There is something called "Zeller's Congruence"
http://en.wikipedia.org/wiki/Zeller's_congruence
which uses the above rules to calculate what day of the week any particular date is. I used to assign my computer science class to make up a program than has as input the date of your birthday, and it was to tell you if that was a Monday, Tuesday, etc.
To calculate the error produced every 4 years due to the approximation of 1/4 of a day, we need to compute the difference between the actual time of one revolution of the Earth around the Sun and the time approximated using 365 days.
First, let's convert the extra time of 5 hours, 48 minutes, and 49.7 seconds into minutes.
5 hours is equivalent to 5 * 60 = 300 minutes.
48 minutes add 48 minutes = 348 minutes.
49.7 seconds can be approximated to 50 seconds, which is 50/60 = 0.8333 minutes.

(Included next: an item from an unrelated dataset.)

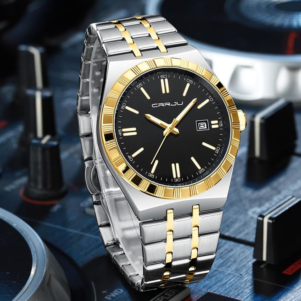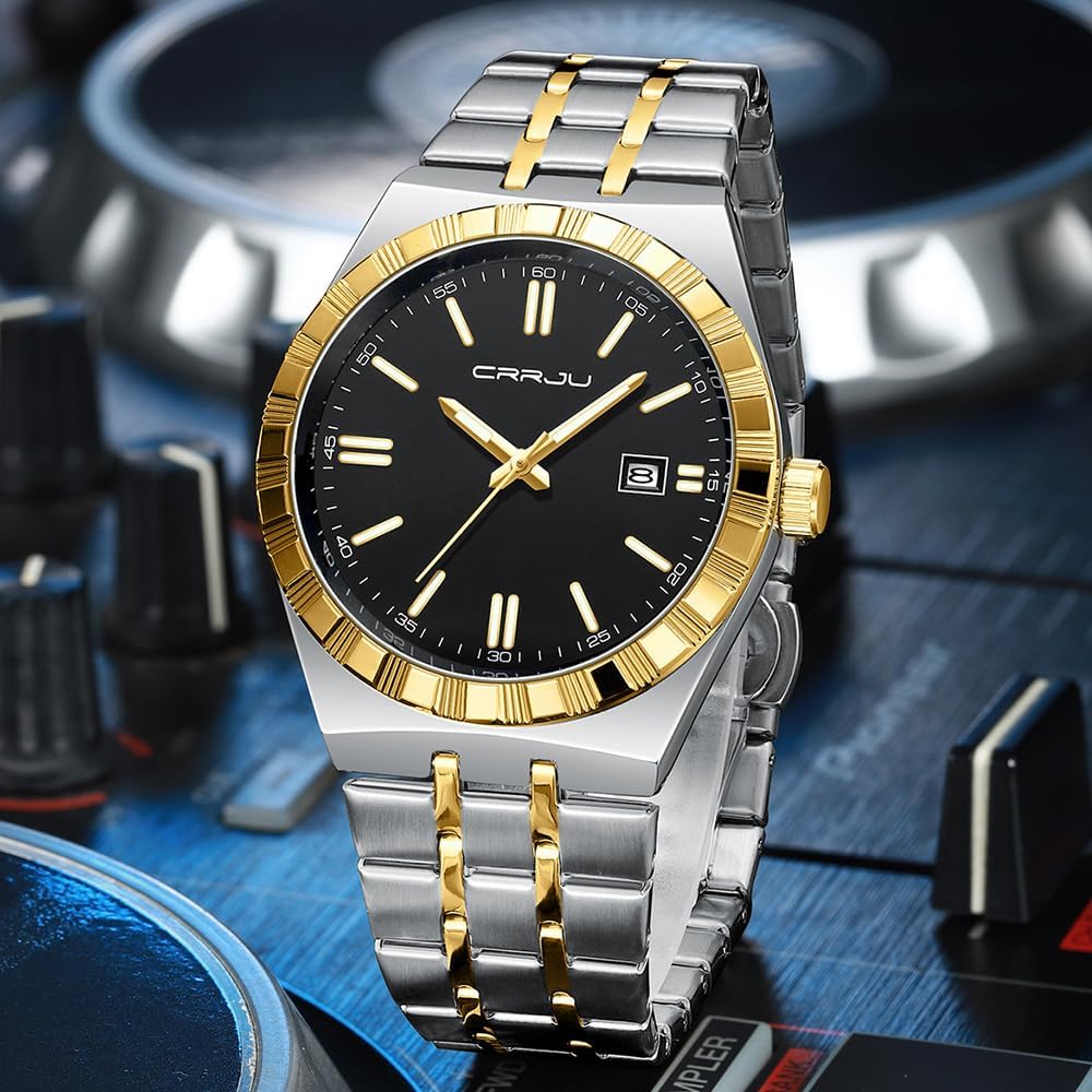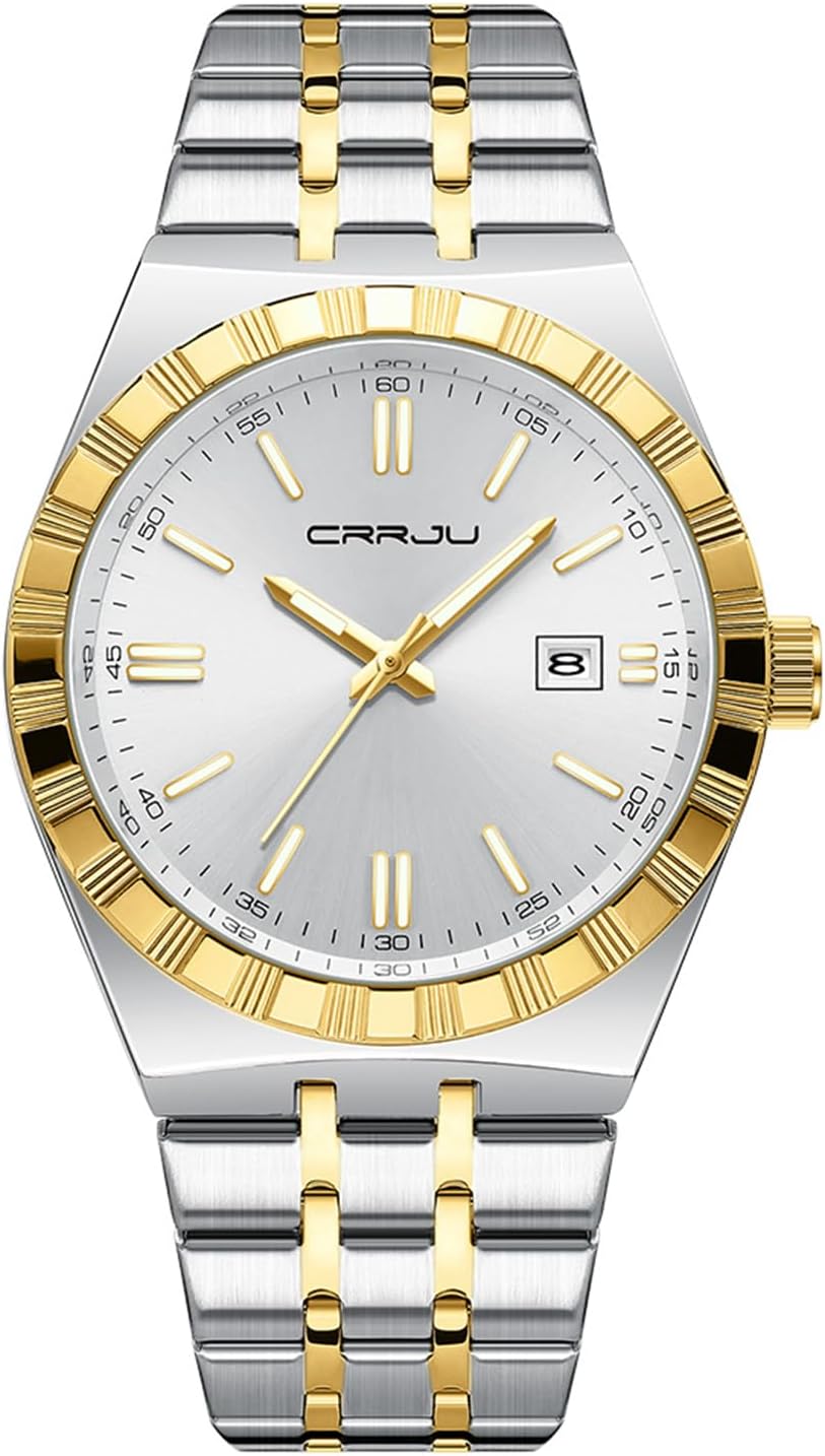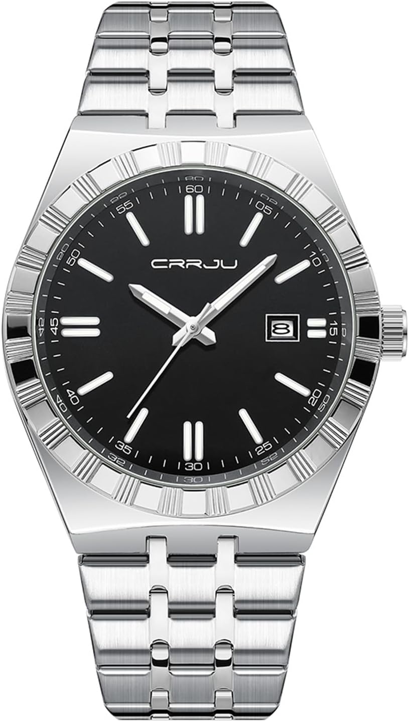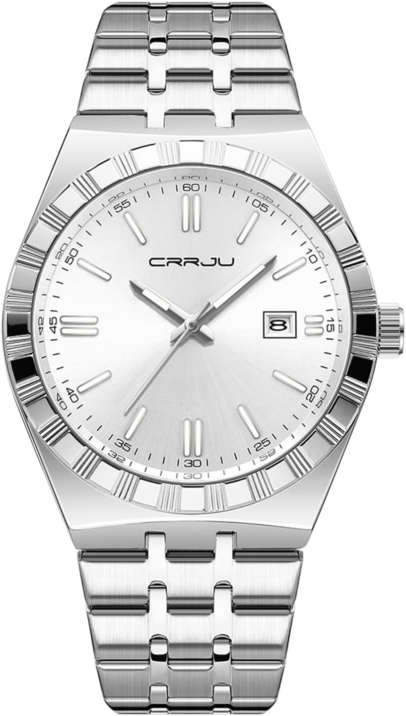 CRRJU Watches for Men,Fashion Luxury Luminous Analog Quartz Wristwatches,Business Man Calendar Watches Silver

The total extra time is 300 + 348 + 0.8333 = 648.8333 minutes.
Since this is the time for 4 years, we need to divide this by 4 to get the time difference every 4 years.

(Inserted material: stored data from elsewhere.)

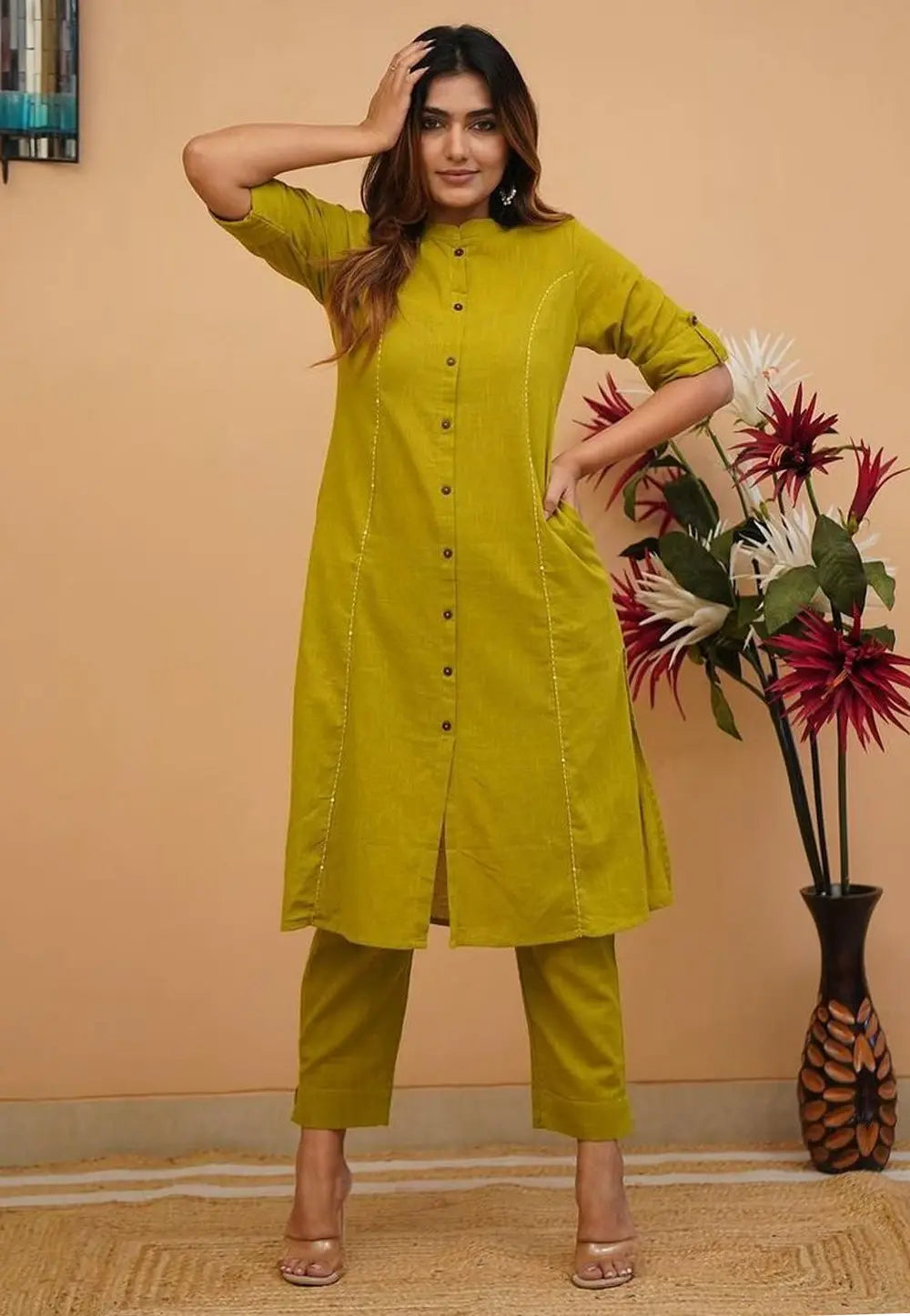 Light Green Cotton Kurta Set With Pent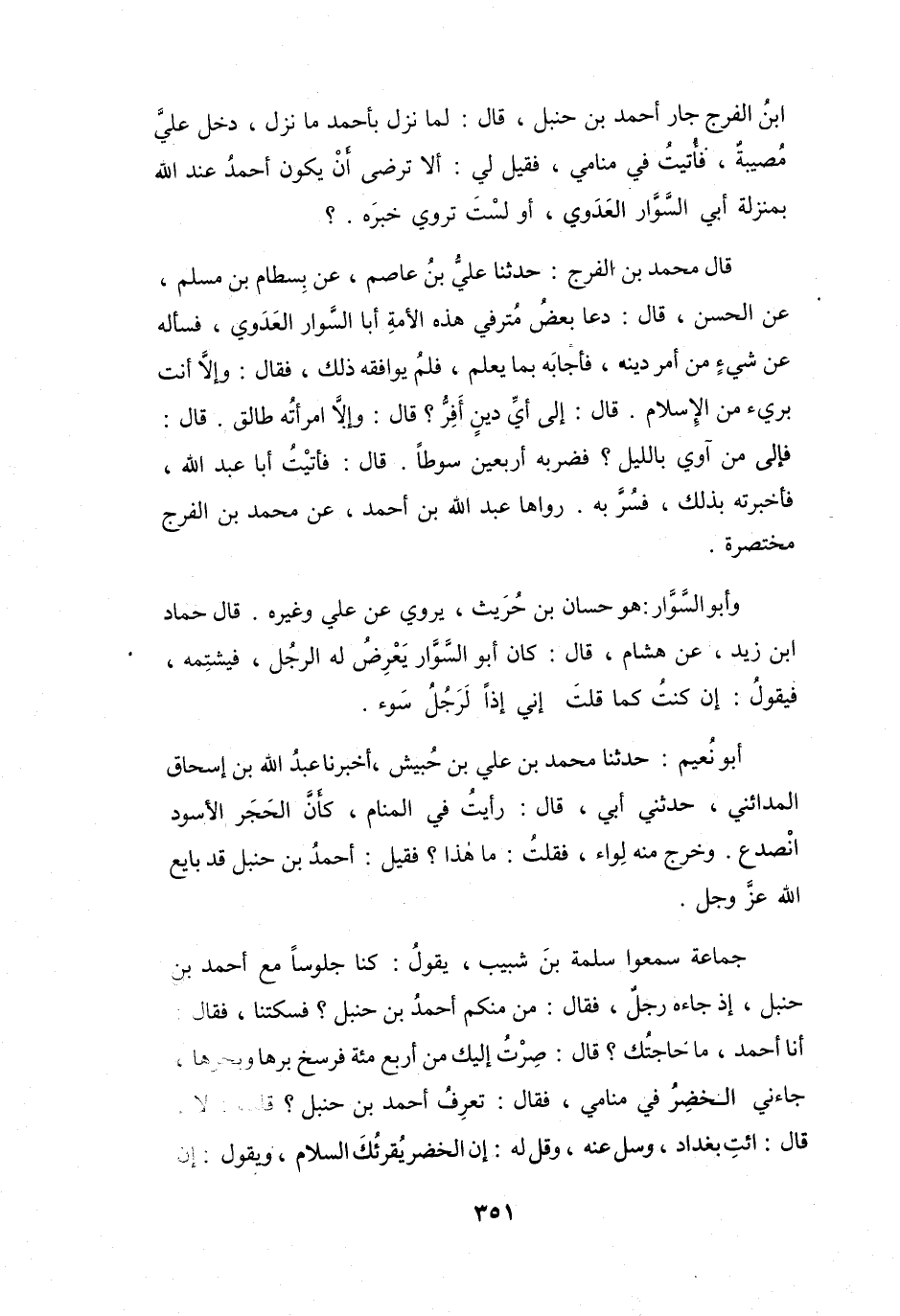 لَمَّا نَزَلَ بِأَحْمَدَ مَا نَزَلَ، دَخَلَ عَلَيَّ مُصِيبَةٌ، فَأُتِيتُ فِي مَنَامِي، فَقِيْلَ لِي: أَلاَ تَرضَى أَنْ يَكُوْنَ أَحْمَدُ عِنْدَ اللهِ بِمَنْزِلَةِ أَبِي السَّوَّارِ العَدَوِيِّ، أَوَ لَسْتَ تَروِي خَبَرَهُ؟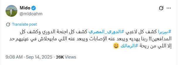 تحيا مصر، وكتب ميدو عبر حسابه الرسمي”فيس بوك”: بيزيرا كشف كل لاعبي الدوري المصري كشف كل اجنحة الدوري، وكشف كل المدافعين ربنا يهديه ويبعد عنه الإصابات ويبعد عنه اللي مابيحلاش في عينيهم حد إلا اللي من ريحة الزمالك”.
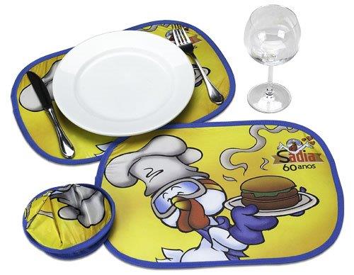 Jogo americano em Polipropileno, gravado em off set, cantos arredondados.
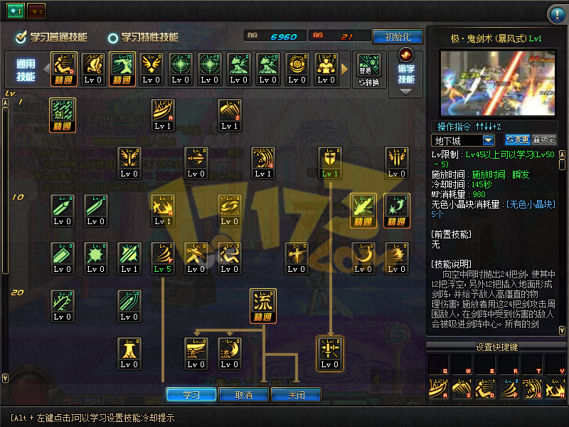 首先是剑魂的技能树整体一览(翻页可以看到每个技能的数据截图),目前人物等级为70,有契约,技能能学习到75级,以下所有技能截图的满级是75级。

648.8333 / 4 = 162.2083 minutes.
Now, we convert the minutes into seconds by multiplying by 60.
162.2083 * 60 = 9732.5 seconds.
Therefore, the error produced every 4 years due to this approximation is approximately 162 minutes and 49.7 seconds (or 162 minutes and 50 seconds).
Regarding the second question, let's find the difference between the smallest 5-digit number, all of whose digits are different, and the largest 4-digit number, all of whose digits are different.

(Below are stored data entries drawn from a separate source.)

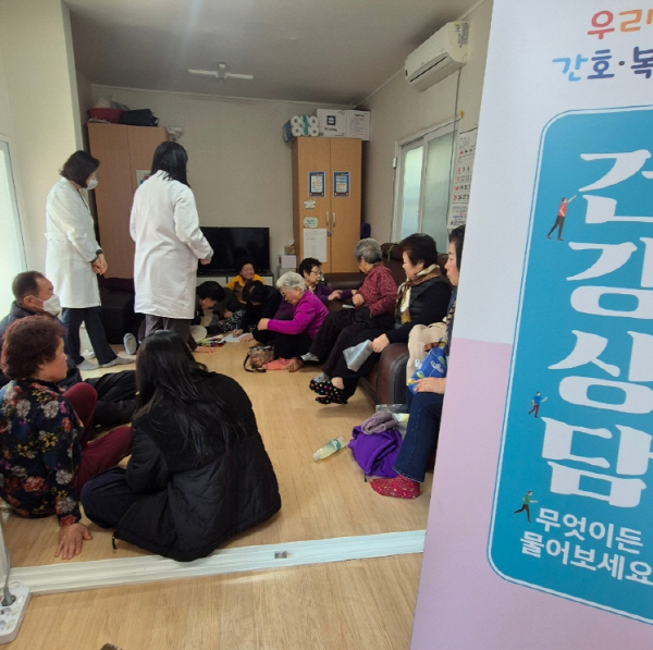 ã¾Æ°¡´Â º¸°Ç¡¤º¹ÁöÆÀ¿¡¼ °æ·Î´çÀ» ¹æ¹®ÇÏ¿© ¾î¸£½Åµé¿¡°Ô ÇÊ¿ä·Î ÇÏ´Â À¯ÀÍÇÑ °¢Á¾ º¹Áö»ç¾÷¿¡ ´ëÇÑ Á¤º¸¸¦ Á¦°øÇϰí Ç÷¾Ð¡¤Ç÷´ç ÃøÁ¤ ¹× ¸ÂÃãÇü °Ç° »ó´ãÀ» ½ÃÇàÇÏ¿´´Ù. À̹ø À̵¿»ó´ã½Ç¿¡¼´Â º¸°Ç¼Ò ±¸°º¸°Ç½Ç¿¡¼ °í·ÉÀÚ ÀÇÄ¡ µî °ü¸®¹ý°ú °ËÁø Áֱ⿡ ´ëÇØ¼ ¾È³»Çϰí, ÀÇÄ¡ °ü·Ã Áö¿ø Á¦µµ¸¦ ¼Ò°³Çß´Ù. Ä¡¸Å¾È½É¼¾ÅÍ ¹× ÇѹæÁø·á½Ç¿¡¼´Â ÀÎÁö¼±º°°Ë»ç¿Í ÇѹæÁø·á(ħ, ºÎÇ× µî)¸¦ ÁøÇàÇÏ¸ç ²Ç²Ç ¾ó¾îºÙÀº °Ü¿ï³¯ Áö¿ª ÁÖ¹ÎÀÇ °Ç°°ú ¾È³çÀ» »ìÇÇ´Â ½Ã°£À» °¡Á³´Ù.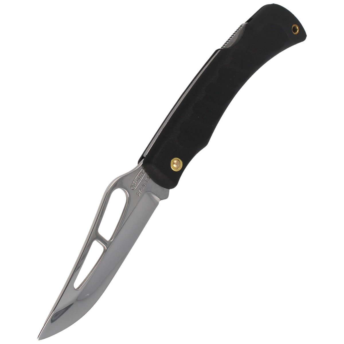 Blade - Clip Point type, slim and sharp, finished impressively in Mirror Finish. Plain blade is led out with concave grind (Hollow Grind) providing geometry and strength and allowing effective and deep cuts. On the back of the blade, a convenient ramp (spine) positions the thumb, gives solid support and makes it easier to operate the folder. Oval cutout for quick opening of the blade with the thumb, even when wearing a glove. Solid blockade: Back-Lock type.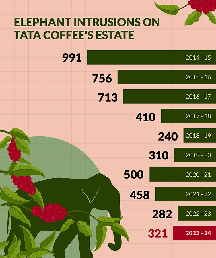 With a population of 6,000 elephants in Karnataka, many of whom constantly intrude into the company’s plantation area, and approximately 15,000 Tata Coffee workers working in the estate, there is plenty of room for potential conflict.

The smallest 5-digit number with different digits is 10234.
The largest 4-digit number with different digits is 9876.
To subtract the two numbers, we align them by place value:
9876
- 10234
Starting from the rightmost digit, subtract 4 from 6. This gives us 2.
Moving to the next digit, subtract 7 from 3. Since 3 is smaller than 7, we need to borrow from the next place value.
Borrowing 1 from the tens place makes the tens place value 2 and reduces the hundreds place value by 1. Now, we have:
10 (from borrowing)
9876
- 10234
Then, add 10 to 3, which gives us 13, then subtract 13 from 7 in the hundreds place. This results in 4.
Continuing with the next digit, we subtract 1 from 9, which gives us 8.
Finally, subtracting 2 from 1 is not possible, so we need to borrow again from the thousands place.
Borrowing 1 from the thousands place makes it 0, and adds 10 to the ones place. Now, we have:
100 (from borrowing)
9876
- 10234
Adding 10 to 0 gives us 10, then subtracting 10 from 1 gives us -9.
Therefore, the result of subtracting the largest 4-digit number, all of whose digits are different, from the smallest 5-digit number, all of whose digits are different, is -9310.